When you're in the early stages of building a business, you need to move quickly. But when you're testing growth channels, there is a difference between moving quickly and freaking out.   In this episode of the InDemand podcast, host Asia Orangio, founder of DemandMaven, uncovers the pitfalls that teams can fall into when reacting to quantitative results.   She covers the mistakes that founders make when reacting to experiments and how to set yourself up for success when running tests and reacting to the results.   TL;DL 0:22 - Don't freak out about bad numbers.

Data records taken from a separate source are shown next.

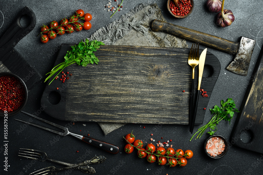 Black stone cooking background. Spices and vegetables. Top view. Free space for your text.
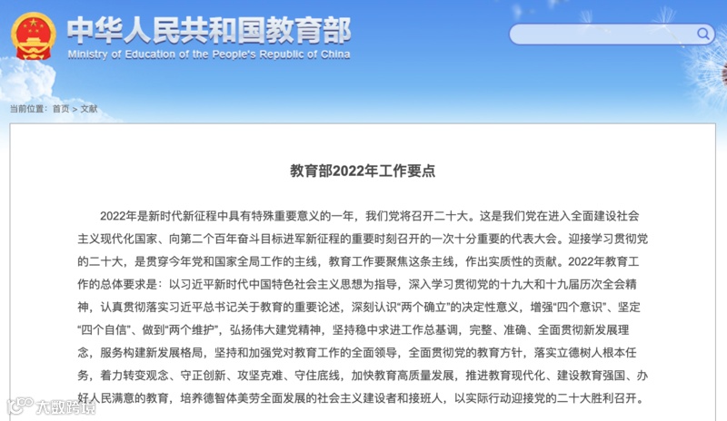 2月8日,教育部在其官网发布了2022年的工作要点,共有35项。值得关注的是,“双减”依然是教育部2022年工作中的“重中之重”,教育部特别提出要指导各地对于非学科类培训机构的区分,体现公益属性,实现常态化监管,防止出现新的野蛮生长。
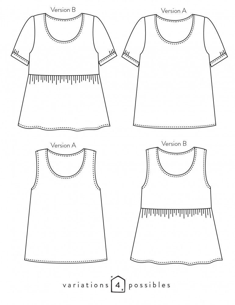 Blouse épurée à l’encolure ronde finie par un biais plaqué. Manche courte légèrement arrondie et froncée au-dessus du bracelet de manche qui la termine. A décliner en blouse à basque froncée, le tout avec ou sans manche.
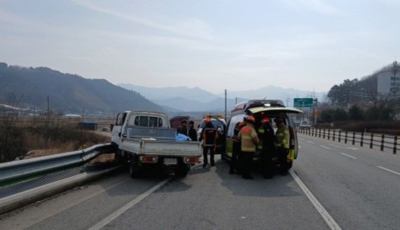 이 사고로 트럭에 타고 있던 동승자 A(50대·여)씨가 골절상을 입고 병원으로 옮겨졌다. 또 경차와 트럭에 타고 있던 탑승자 3명도 경상을 입었다.
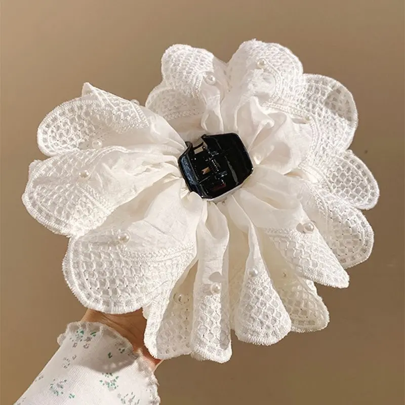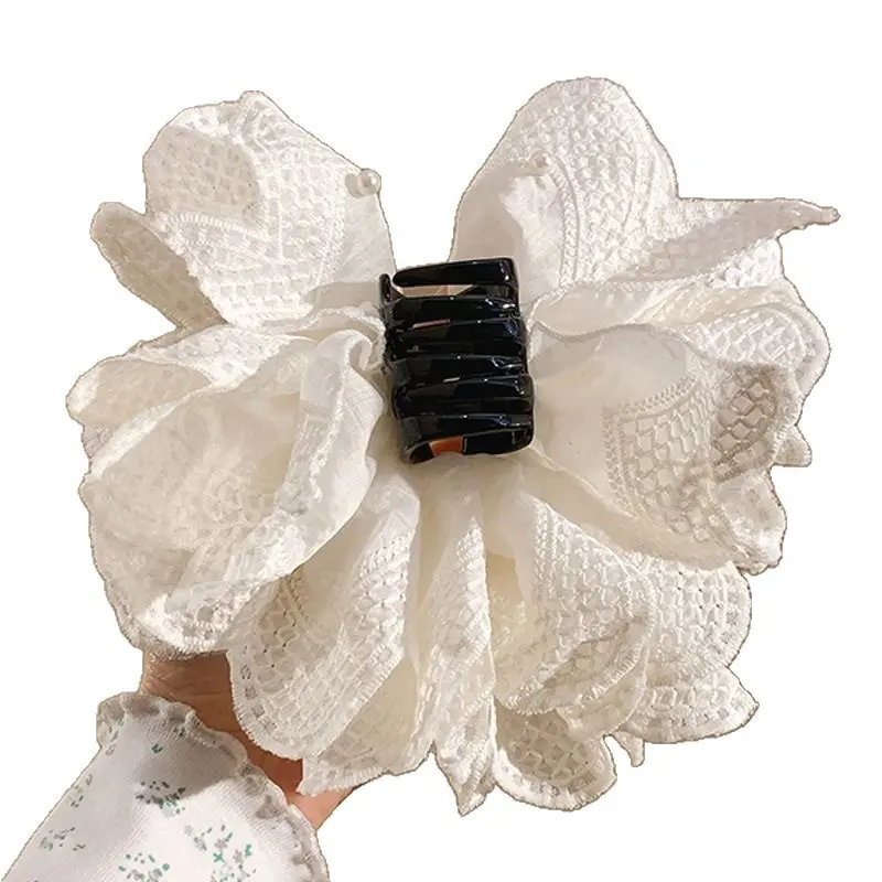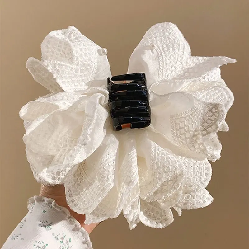 This lace flower hair clip features a high-quality acetate base, paired with multi-layered three-dimensional lace petals. The intricate hollow patterns are delicate and refined, with built-in pearl embellishments. The overall design is soft and ethereal, with a high level of fluffiness, making it easy to use for both half-up and fully-up hairstyles. The clip teeth bite tightly, ensuring a secure hold without slipping. Whether for daily commuting or a date or party, it is a stunning hair accessory that enhances your look
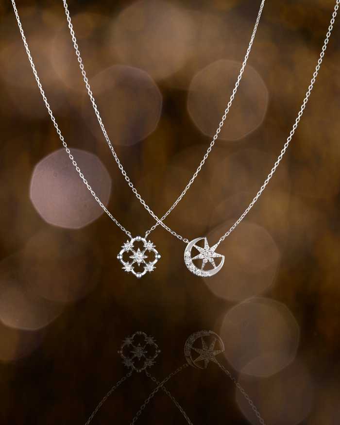 レースのような繊細な輝きを放つPTダイヤモンドネックレス(79,200e円/99,000円)は、三日月に星を閉じ込めたロマンティックなデザインが魅力。
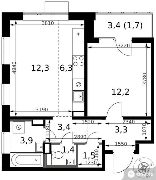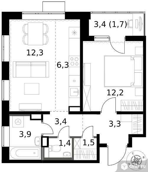 2-комнатная квартира 46 кв.м
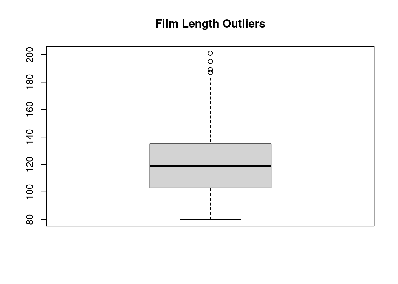 boxplot(blockbusters$length, main ="Film Length Outliers")
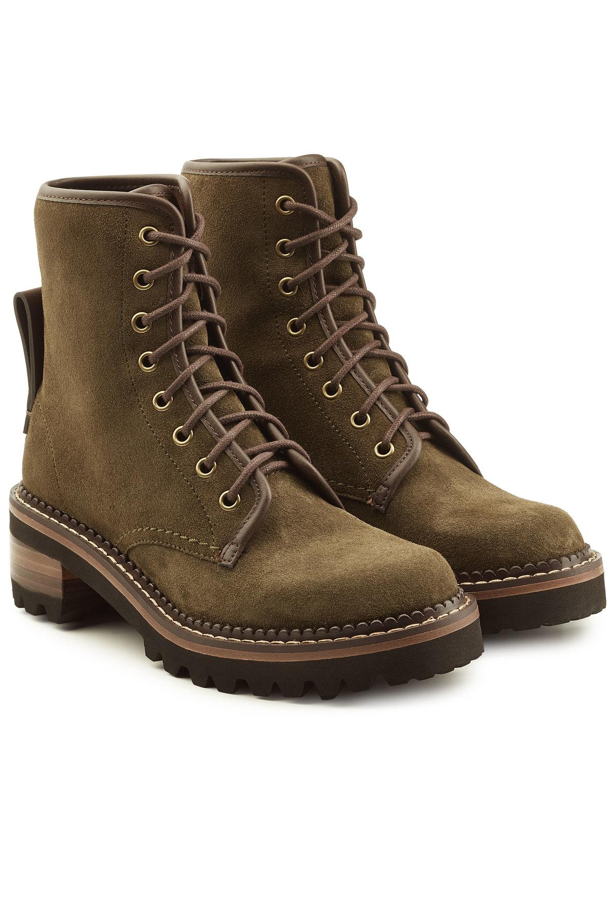 Chloe Suede Ankle Boots Chloe Suede Ankle Boots : Chloe women's chloa ankle boots calfskin suede decorative button embossing olive.
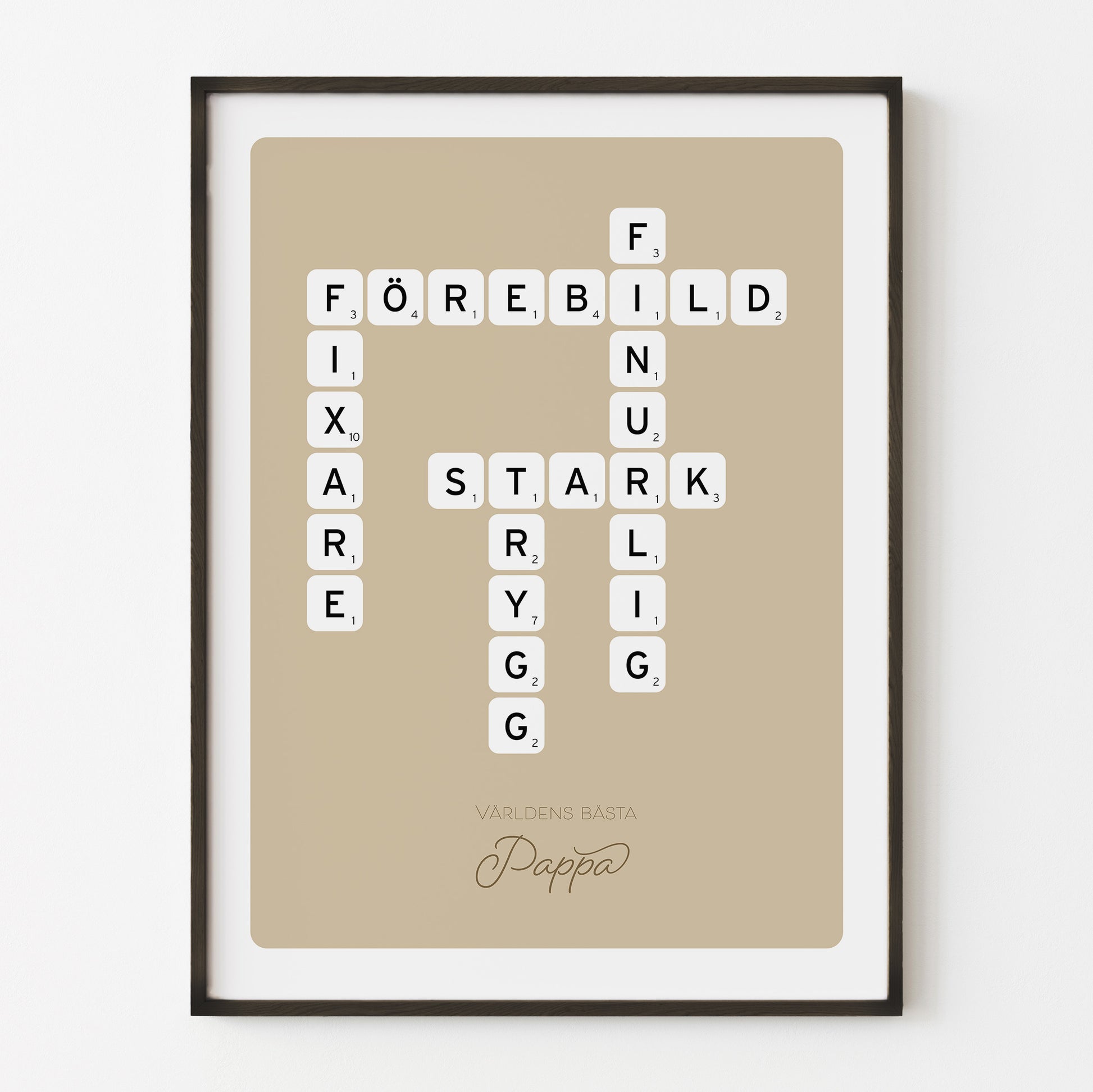 Visa din pappa hur mycket han betyder med en alfapet-inspirerad poster som verkligen hyllar honom – världens bästa pappa! Med ord som fångar hans styrka, finurlighet och trygghet blir det en kärleksfull påminnelse om allt det han gör varje dag. Postern är lika lekfull som hjärtlig och passar perfekt som stilren inredning på kontoret, i vardagsrummet eller på hans favoritplats i hemmet.

Early technical founders have a tendency to overreact to test data from marketing and growth campaigns. But in growth you're working with humans, not code, and you can't always trust immediate results. 4:35 - A one to two week experiment with low spend on a growth channel likely won't show you a clear result. If you react to it you might be missing a big opportunity. 8:00 - A company Asia worked with was testing out a video demo option. After one week and getting two requests for the video the team was resigned to the fact that it wasn't working, but after waiting it turned out that having the video was actually increasing the number of prospects entering the pipeline. 12:45 - You always have to remember that quantitative outputs can tell you 'what', but can't tell you 'why'. Before you react, you have to pause and dig deeper to understand what is driving the numbers. 20:07 - When you're running a test, the sample size matters. You need a large enough volume of results to be able to trust the results. There is a natural variance in the results you get and if you end an experiment early you might just be seeing variance.